I woke up feeling a little fragile this morning. Yesterday we celebrated the first birthday of
JAMS (Joint Academic Microbial Seminars). This is a monthly microbiology seminar series held at the Australiam Museum in Sydney. Its sort of modeled on the San Diego Microbiology group meeting, and provides a venue for the microbiologists scattered around Sydney to meet each other and chat about science. It all came about from a meeting in a pub in Surrey Hills in 2010, where Federico Lauro, myself, Mike Manefield and Andy Holmes decided over a few beers that starting JAMS would be a good idea. Federico has done a heroic job turning JAMS into a reality, and we usually have 30-50 microbiologists turning up every month for JAMS.

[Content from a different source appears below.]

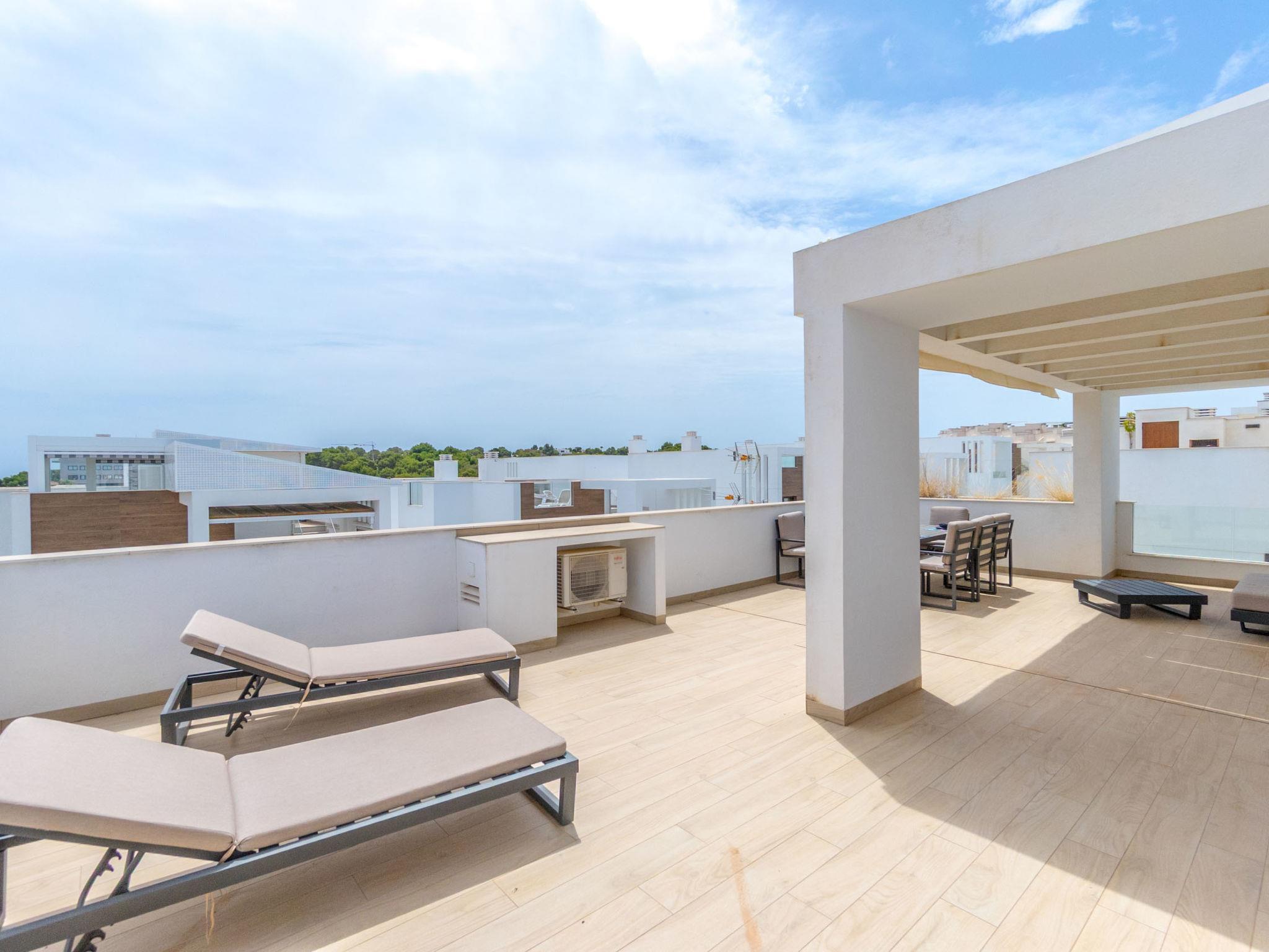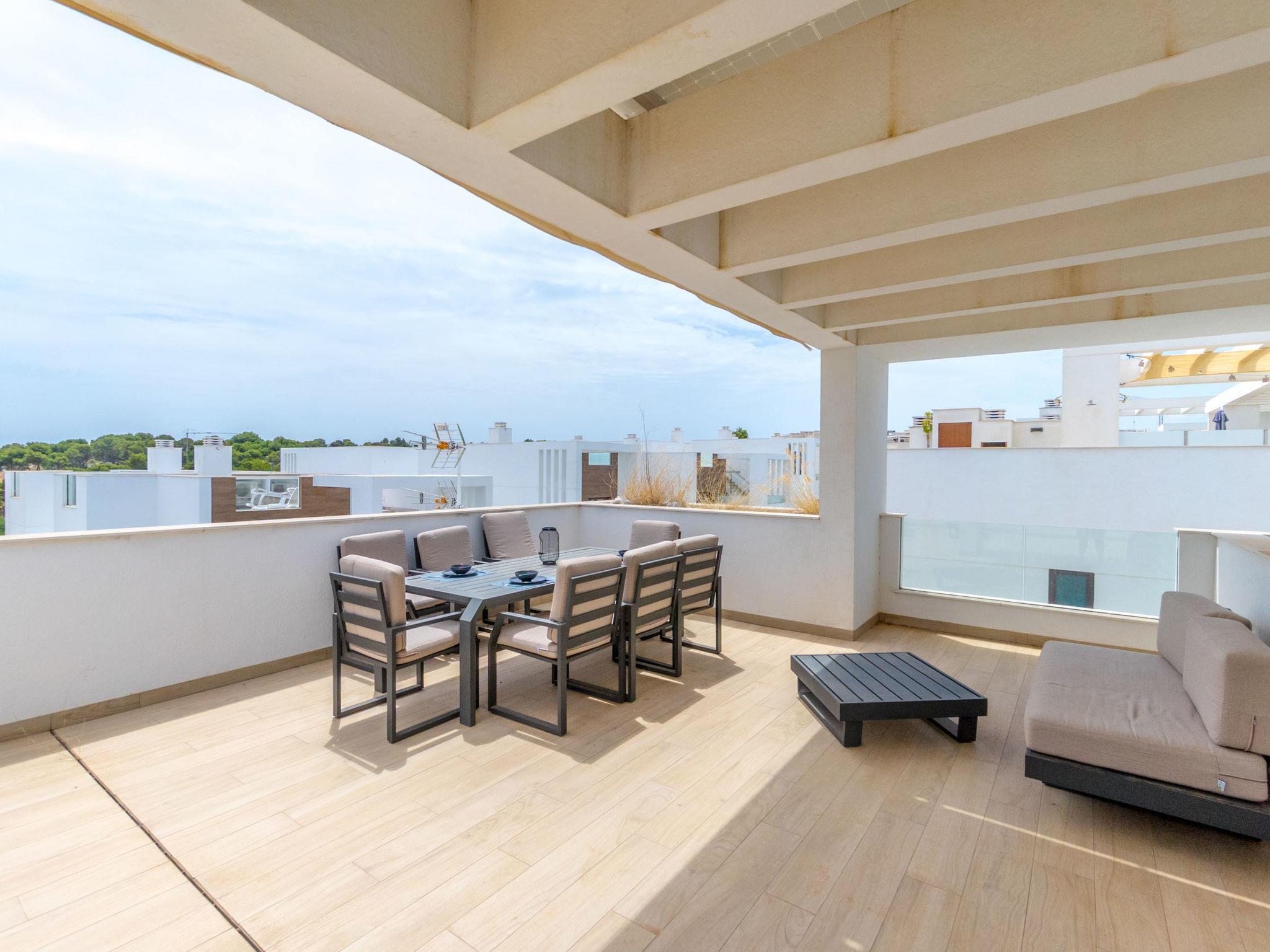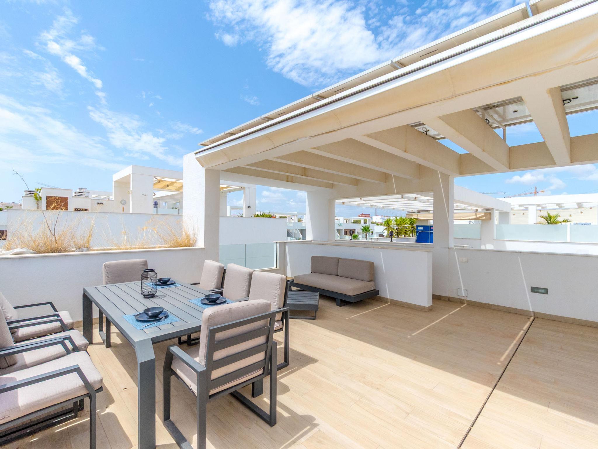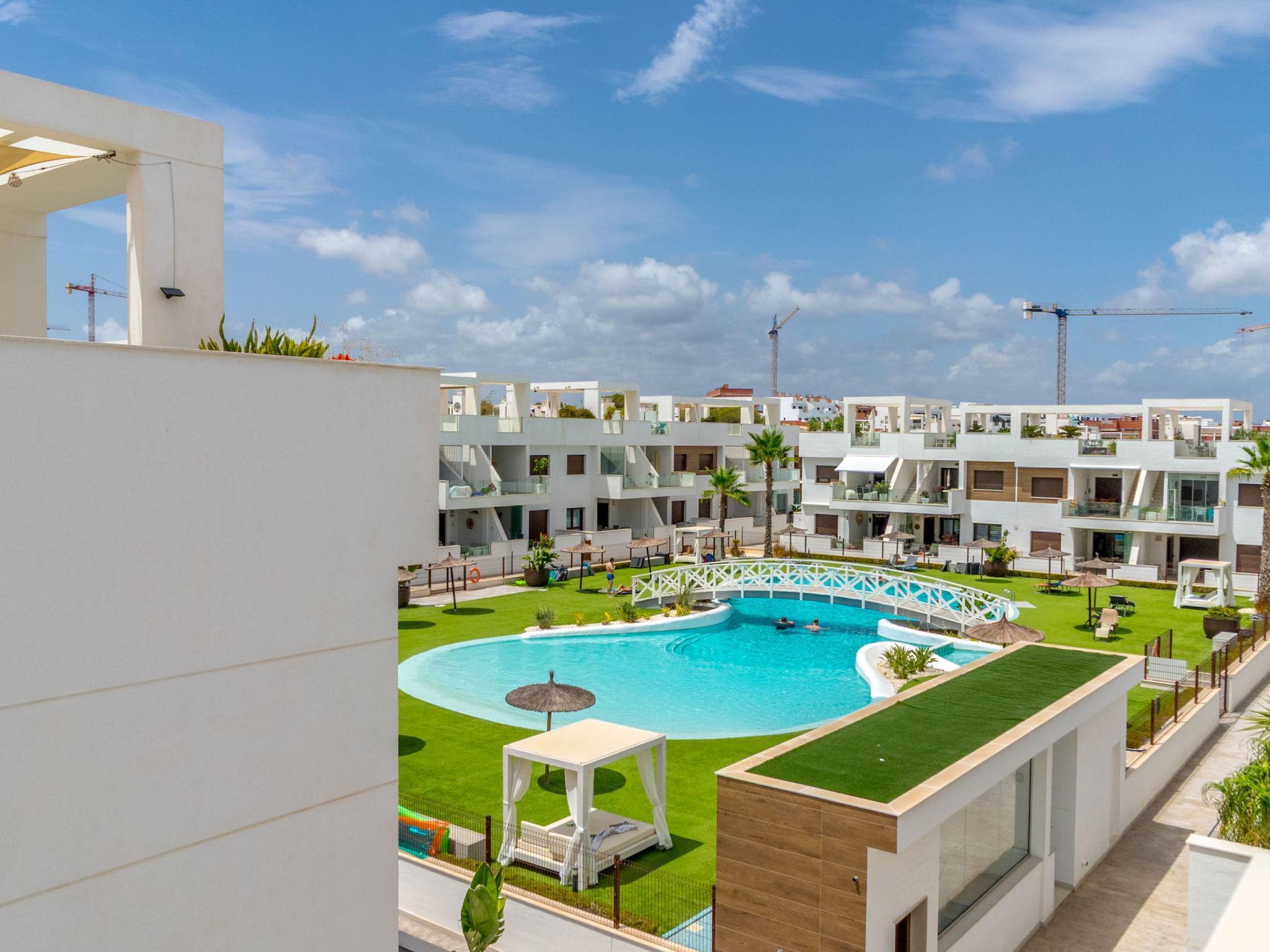 Modern, beautiful residence "Laguna Beach Resort", 2 storeys. 7 km from the centre of Torrevieja, 5 km from the centre of Punta Prima, 4 km from the sea, 4 km from the beach. For shared use: property (fenced), swimming pool (32 x 14 m, seasonal availability: 01.Jan. - 31.Dec.). Children's pool, outdoor shower. In the house: roof terrace. Grocery, supermarket 700 m, restaurant 850 m, bar 700 m, bus stop 750 m, sandy beach "Playa Punta Prima" 6 km. Sports harbour 6 km, marina 6 km, golf course (12 hole) 5 km.

To celebrate the first birthday of JAMS, yesterday we had five excellent talks from interstate or international speakers. Thanks to Tim Stinnear, I now know what the bizarre link between Point Lonsdale (Victoria) and Western Africa is (hints- Mycobacterium ulcerans, mosquitos and ringtail possums). Afterwards we had dinner and copious volumes of wine in the dinosaur room of the museum. It was slightly disconcerting to have a video loop showing dinosaurs devouring each other in Triassic era, while we were eating slowly braised beef cheek.
Nevertheless, we had 79 people at the dinner, which would seem to be an encouraging sign for the future health of JAMS.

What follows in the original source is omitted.